(DATASET CONTENT):

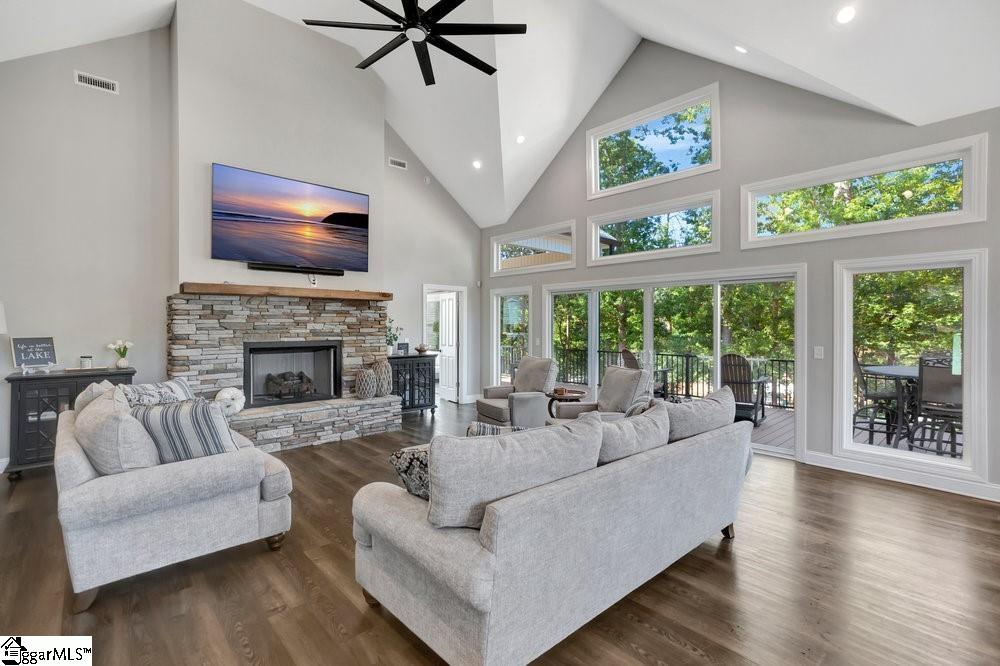 The Perfect lake Hartwell Home, No HOA, a great investment for a VRBO rental or private residence. This 5,200 heated sq ft and 7300 under roof, newly constructed 2023 home has 7 bedrooms and 5 full baths and this home comes furnished. As you walk from the inviting front porch into this beautiful open floor plan home, the first thing you'll notice is the incredible 440ft length of glass doors, windows and transoms that fill the entire back of the house to give you a lake view. Cooking in the stunning kitchen is a delight as you look out over the peaceful lake. The custom kitchen boasts beautiful white cabinets with brushed nickel pulls, stainless steel appliances, a large, beautiful contrasting navy island with seating and lovely quartz countertops throughout. The 16” vaulted ceilings in the kitchen and living room just adds to its appeal. The kitchen opens up to the airy living room with continued lake views and ample space for relaxing in front of the magnificent stone fireplace and hearth with natural wood mantle or watching tv on the 85ft screen. The 12’ x 52’ deck that opens up from the kitchen or living area has Trex flooring and a see-through rail system which gives an unobstructed views of the lake and is a splendid place to enjoy hot coffee in the morning or a cold beverage at night. The very spacious master bedroom provides its own splendid lake view with an entire wall dedicated to glass doors, windows and transoms and its own porch access. The master sanctuary also has a lovely master bathroom with two separate sinks, marble countertops and walk-in shower with rain shower head and separate handheld shower head. The walk-in closet has access to the laundry room with a separate sink and lots of cabinet and closet space. There is a separate office / exercise room which is an essential for working from home and there is also a guest bedroom with its own access to the hall full bath with tub/shower. The handsome luxury vinyl flooring extends throughout the entire house. Upstairs there are 2 nice size bedrooms and a full bath, a great space for a family with a baby for a quiet space. Downstairs there are 24 feet of glass doors and windows for more lake views. In the living area, there is another Sony 85 inch TV with built in surround sound system perfect for movie night or watching those ball games with family or for your guests. This level has its own full custom kitchen with granite countertops, modern stainless appliances including a double oven and an ice machine. 3 large bedrooms and 2 full bathrooms, laundry room and a safety shelter room This home can sleep 25 people. This is a perfect set up for renting, or for an in-law area or teenage haven. The downstairs patio is a magnificent place to entertain. It has a state-of-the-art outdoor kitchen. It features a KitchenAid 36 inch gas grill, Traeger pellet grill, Komodo Joe ceramic grill, Kitchen Aid power burner and American classic flat top grill. The outdoor kitchen has concrete countertops and a 33in stainless sink, The patio has immense space for seating and firepit area. This is the best place to sit and enjoy the lake and the great outdoors, hang with friends or view some wildlife. The front and back lawn are both AstroTurf which looks amazing with very low maintenance. The flat grass area is also the perfect spot for playing a game of corn hole. The private maximum size two story dock has two lifts and lots of extra conveniences. There is a 32’ x 22’ double garage with 13’ ceilings that can fit a wake boat with a tower and a 30x30 detached garage and a There is also plenty of additional parking. This home is located close to golfing, shopping, restaurants and 50 miles from GSP International Airport. It is 20 miles from Clemson University and is less than 5 miles from 3 popular wedding venues if considering this property for rental purposes. Booked 100 nights in 2024 @$1200 - $1500 these are transferable
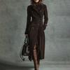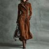 Damen Eleganter Langarmmantel Mit Kragen Und Farbe Wildleder Langer Windbreaker
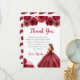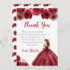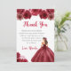 Esta dulce carta de agradecimiento de dieciséis años cuenta con una bella princesa en un vestido de bola rojo burdeos con arreglos florales. Es perfecto para una dulce fiesta de 16 años.
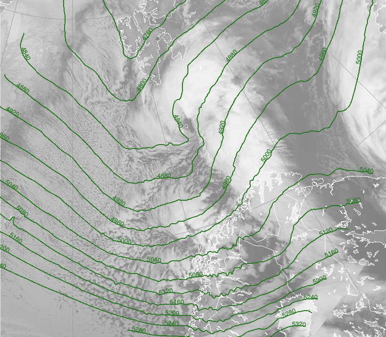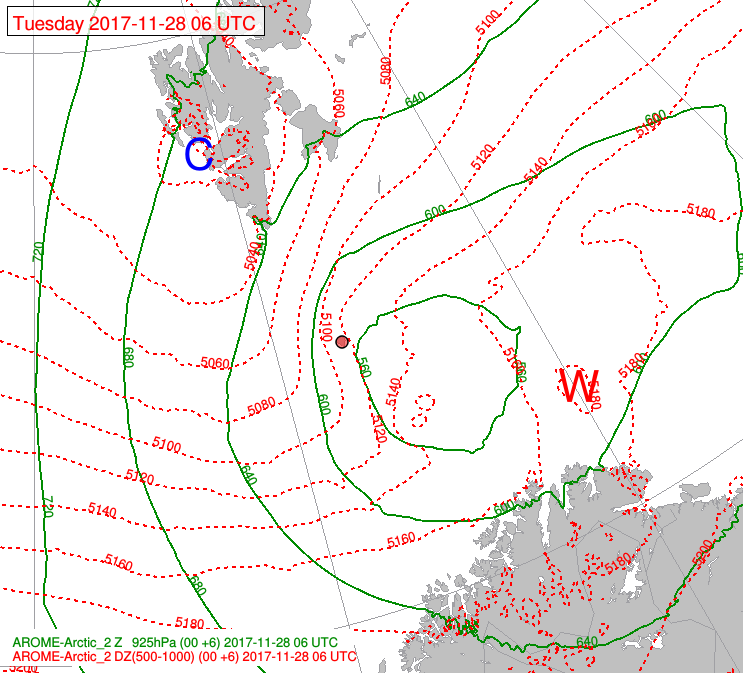 Left image shows the geopotential in 925 hPa (green) and 1000 - 500 hPa thickness (red). In this case, the strongest gradients is in the area near Bear Island (red dot). The gradient in the thickness is in the opposite direction of the pressure gradient, hence the thermal wind acts to decrease wind with height. The right image shows the corresponding sounding from Bear Island. Wind direction and speed (knots) is given by the numbers on the far left in the sounding. In this case, the strongest wind is found at 900 to 950 hPa.

(TASK GOAL): Copy the material shown above in full and exactly. Skip the pictures.

(WRITTEN SOLUTION):
 The Perfect lake Hartwell Home, No HOA, a great investment for a VRBO rental or private residence. This 5,200 heated sq ft and 7300 under roof, newly constructed 2023 home has 7 bedrooms and 5 full baths and this home comes furnished. As you walk from the inviting front porch into this beautiful open floor plan home, the first thing you'll notice is the incredible 440ft length of glass doors, windows and transoms that fill the entire back of the house to give you a lake view. Cooking in the stunning kitchen is a delight as you look out over the peaceful lake. The custom kitchen boasts beautiful white cabinets with brushed nickel pulls, stainless steel appliances, a large, beautiful contrasting navy island with seating and lovely quartz countertops throughout. The 16” vaulted ceilings in the kitchen and living room just adds to its appeal. The kitchen opens up to the airy living room with continued lake views and ample space for relaxing in front of the magnificent stone fireplace and hearth with natural wood mantle or watching tv on the 85ft screen. The 12’ x 52’ deck that opens up from the kitchen or living area has Trex flooring and a see-through rail system which gives an unobstructed views of the lake and is a splendid place to enjoy hot coffee in the morning or a cold beverage at night. The very spacious master bedroom provides its own splendid lake view with an entire wall dedicated to glass doors, windows and transoms and its own porch access. The master sanctuary also has a lovely master bathroom with two separate sinks, marble countertops and walk-in shower with rain shower head and separate handheld shower head. The walk-in closet has access to the laundry room with a separate sink and lots of cabinet and closet space. There is a separate office / exercise room which is an essential for working from home and there is also a guest bedroom with its own access to the hall full bath with tub/shower. The handsome luxury vinyl flooring extends throughout the entire house. Upstairs there are 2 nice size bedrooms and a full bath, a great space for a family with a baby for a quiet space. Downstairs there are 24 feet of glass doors and windows for more lake views. In the living area, there is another Sony 85 inch TV with built in surround sound system perfect for movie night or watching those ball games with family or for your guests. This level has its own full custom kitchen with granite countertops, modern stainless appliances including a double oven and an ice machine. 3 large bedrooms and 2 full bathrooms, laundry room and a safety shelter room This home can sleep 25 people. This is a perfect set up for renting, or for an in-law area or teenage haven. The downstairs patio is a magnificent place to entertain. It has a state-of-the-art outdoor kitchen. It features a KitchenAid 36 inch gas grill, Traeger pellet grill, Komodo Joe ceramic grill, Kitchen Aid power burner and American classic flat top grill. The outdoor kitchen has concrete countertops and a 33in stainless sink, The patio has immense space for seating and firepit area. This is the best place to sit and enjoy the lake and the great outdoors, hang with friends or view some wildlife. The front and back lawn are both AstroTurf which looks amazing with very low maintenance. The flat grass area is also the perfect spot for playing a game of corn hole. The private maximum size two story dock has two lifts and lots of extra conveniences. There is a 32’ x 22’ double garage with 13’ ceilings that can fit a wake boat with a tower and a 30x30 detached garage and a There is also plenty of additional parking. This home is located close to golfing, shopping, restaurants and 50 miles from GSP International Airport. It is 20 miles from Clemson University and is less than 5 miles from 3 popular wedding venues if considering this property for rental purposes. Booked 100 nights in 2024 @$1200 - $1500 these are transferable
 Damen Eleganter Langarmmantel Mit Kragen Und Farbe Wildleder Langer Windbreaker
 Esta dulce carta de agradecimiento de dieciséis años cuenta con una bella princesa en un vestido de bola rojo burdeos con arreglos florales. Es perfecto para una dulce fiesta de 16 años.
 Left image shows the geopotential in 925 hPa (green) and 1000 - 500 hPa thickness (red). In this case, the strongest gradients is in the area near Bear Island (red dot). The gradient in the thickness is in the opposite direction of the pressure gradient, hence the thermal wind acts to decrease wind with height. The right image shows the corresponding sounding from Bear Island. Wind direction and speed (knots) is given by the numbers on the far left in the sounding. In this case, the strongest wind is found at 900 to 950 hPa.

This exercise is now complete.